Refugios emocionales

Desde hace algún tiempo, como consecuencia de los visibles efectos del cambio climático, hay una palabra que viene repitiéndose en nuestros mediterráneos veranos: refugio. Refugio de la luz que cae a plomo sobre las plazas, del asfalto que devuelve el calor como un espejo, de las noches que ya no refrescan. En muchas ciudades, los museos –como las bibliotecas y otros edificios públicos  -han comenzado a formar parte de esta red de refugios climáticos. Abren sus puertas para ofrecer algo tan elemental como un espacio en el que sentarse con algunos grados menos. Es una función nueva solo en apariencia. Probablemente llevaban toda la vida siéndolo, pero no habíamos aprendido a nombrarlos así.

En nuestros viajes y escapadas hemos adoptado también esta forma de amparo ante las inclemencias meteorológicas de cualquier tipo. Y, de repente, sucede algo extraño.

La respiración encuentra un ritmo distinto. Los pasos se vuelven más lentos. La voz baja sin que nadie la reclame. El tiempo, que fuera parecía perseguirnos, deja de correr. Como si al atravesar el umbral hubiéramos cruzado también una frontera invisible entre el mundo de la urgencia y el de la contemplación.

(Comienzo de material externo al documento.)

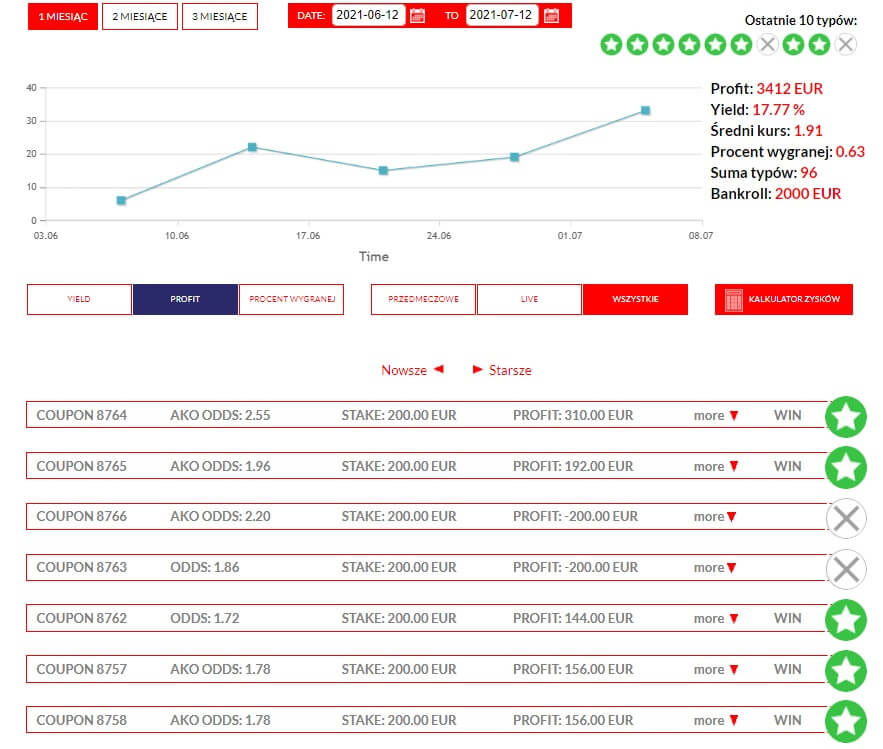 Dziękujemy za zaufanie. Okres Euro 2020 był bardzo intensywny. Otrzymaliście od naszych typerów typy darmowe jak i płatne z euro, nba, siatkówki i tenisa.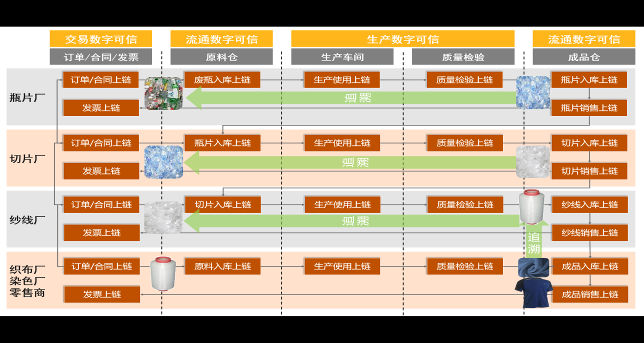 產品上下游對接,實現對再生纖維產品全生命周期信息的跟蹤和溯源。瓶片以及切片生產結束后,運輸至紗線生產環節作為原料入庫掃碼解析標識信息,通過可信平臺的原料核銷實現供應商的出庫數據與入庫數據一一對應,不同于以往僅是測算入庫原料和出庫產品實現內部生產的總量平衡。再生纖維產品經廢品回收、瓶片制作至切片、紗線制作、織布成品、印染等工序協同,在不同生產環節之間,利用可信平臺這一“橋梁”形成信息回溯鏈,可在生產、流通和使用等環節對產品進行追蹤,利用標識和區塊鏈技術實現了跨企業物料加工與生產流程的穿透追溯。

Quizá por eso no sorprende tanto que la ciencia haya empezado a poner cifras a una intuición muy antigua. Los japoneses llevan décadas hablando del shinrin-yoku, el baño de bosque, esa práctica que consiste en internarse entre los árboles para dejar que la naturaleza haga su trabajo silencioso sobre el cuerpo. Ahora esa misma idea ha encontrado una inesperada prolongación en los museos. Lo llaman museum bathing, «baño de museo», y parte de una convicción tan sencilla como hermosa: que contemplar una obra de arte también puede ser una forma de descanso profundo.

El investigador japonés Izumi Ogata estudió a más de trescientas personas en treinta y seis museos diferentes y comprobó que bastaban diez minutos para que el organismo comenzara a responder. No importaba demasiado si se trataba de pinturas, piezas arqueológicas o colecciones de historia natural. Ni siquiera si el visitante era un experto o alguien que llevaba años sin pisar un museo. El cuerpo parecía reconocer algo antes que la razón.

Hace apenas unas semanas, un equipo del Instituto de Psiquiatría, Psicología y Neurociencia del King’s College de Londres reforzó esa intuición. Veintiocho oficinistas recorrieron durante treinta y cinco minutos la Galería Courtauld contemplando obras originales de Manet, Van Gogh o Gauguin. Al terminar, sus niveles de cortisol, la hormona del estrés, habían descendido un 22 %. Era una reducción comparable a la que el organismo consigue tras varias horas de paseo por un bosque frondoso. También mejoraron indicadores cardiovasculares y disminuyeron marcadores inflamatorios relacionados con el estrés crónico. Frente a ellos, otro grupo que observó reproducciones de las mismas obras apenas experimentó cambios.

Todavía harán falta más investigaciones para consolidar estas conclusiones. La propia ciencia avanza despacio, como se camina por un museo. Pero el hallazgo posee una belleza difícil de ignorar: no produce el mismo efecto una imagen reproducida en una pantalla que la presencia física de una obra original. Hay algo en la materia, en la luz, en las pinceladas que sobrevivieron siglos para llegar hasta nosotros, que establece una conversación silenciosa con quien las contempla.

Quizá por eso algunos países han dejado de considerar los museos únicamente como depósitos de patrimonio. Desde 2018, en Montreal los médicos pueden prescribir visitas a museos como complemento terapéutico. Bruselas ha impulsado programas similares para personas con ansiedad y depresión. La Organización Mundial de la Salud lleva años reclamando una alianza más estrecha entre cultura y salud. Mientras unos siguen preguntándose cuánto cuesta mantener un museo, otros empiezan a calcular cuánto podría costarnos vivir sin ellos.

Hay lugares que nos protegen de la lluvia y otros que nos protegen del ruido. Lugares donde el cuerpo descansa y lugares donde también descansa la mirada y el alma.